"""

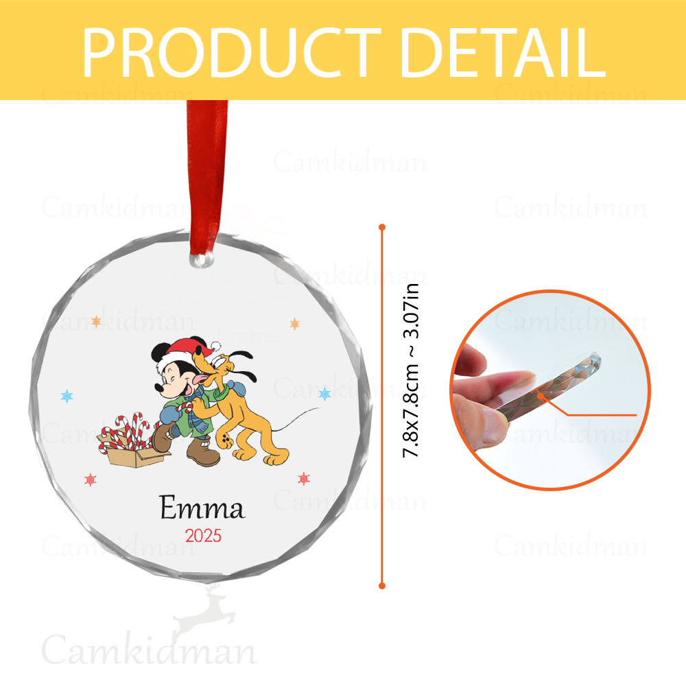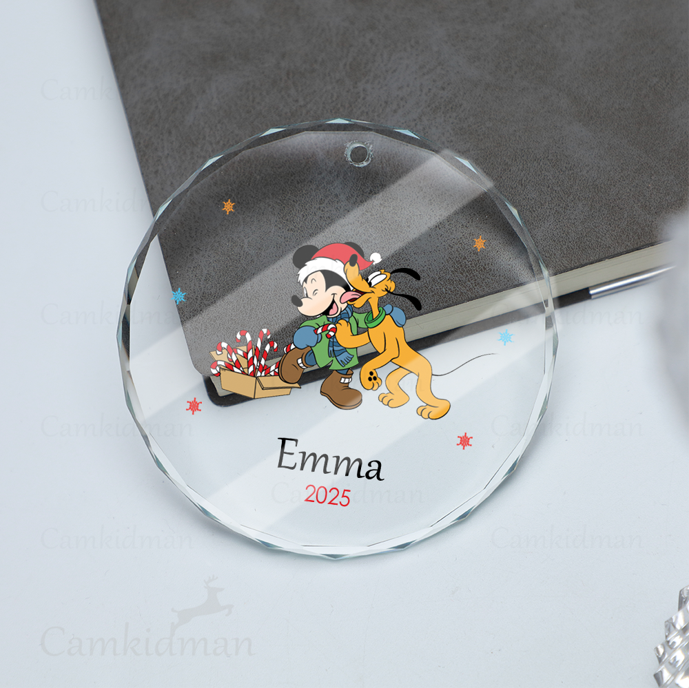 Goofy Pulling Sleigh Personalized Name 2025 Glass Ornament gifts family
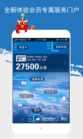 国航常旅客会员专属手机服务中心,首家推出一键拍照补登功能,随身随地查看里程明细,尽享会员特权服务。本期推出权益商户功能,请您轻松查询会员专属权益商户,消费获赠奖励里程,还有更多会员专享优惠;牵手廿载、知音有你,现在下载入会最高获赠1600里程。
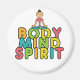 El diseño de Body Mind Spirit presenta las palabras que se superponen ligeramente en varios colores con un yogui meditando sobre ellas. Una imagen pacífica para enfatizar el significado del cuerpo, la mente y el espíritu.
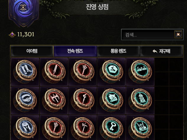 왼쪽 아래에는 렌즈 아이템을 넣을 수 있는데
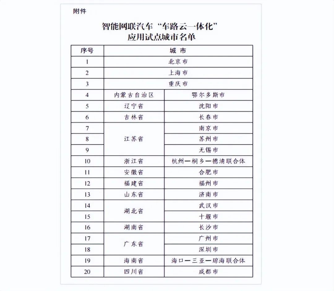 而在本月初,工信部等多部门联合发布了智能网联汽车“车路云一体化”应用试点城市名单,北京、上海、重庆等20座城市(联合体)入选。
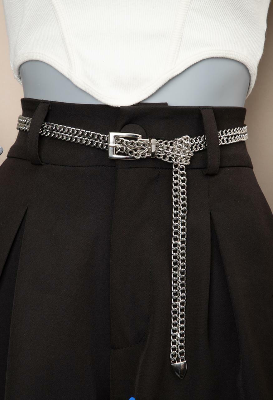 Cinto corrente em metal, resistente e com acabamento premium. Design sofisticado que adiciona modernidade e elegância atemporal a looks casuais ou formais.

"""

◆ **WHAT IS BEING ASKED**: If a picture appears in the data, omit it; transcribe all the rest exactly.

◆ **COMPLETED TASK**:
 Goofy Pulling Sleigh Personalized Name 2025 Glass Ornament gifts family
 国航常旅客会员专属手机服务中心,首家推出一键拍照补登功能,随身随地查看里程明细,尽享会员特权服务。本期推出权益商户功能,请您轻松查询会员专属权益商户,消费获赠奖励里程,还有更多会员专享优惠;牵手廿载、知音有你,现在下载入会最高获赠1600里程。
 El diseño de Body Mind Spirit presenta las palabras que se superponen ligeramente en varios colores con un yogui meditando sobre ellas. Una imagen pacífica para enfatizar el significado del cuerpo, la mente y el espíritu.
 왼쪽 아래에는 렌즈 아이템을 넣을 수 있는데
 而在本月初,工信部等多部门联合发布了智能网联汽车“车路云一体化”应用试点城市名单,北京、上海、重庆等20座城市(联合体)入选。
 Cinto corrente em metal, resistente e com acabamento premium. Design sofisticado que adiciona modernidade e elegância atemporal a looks casuais ou formais.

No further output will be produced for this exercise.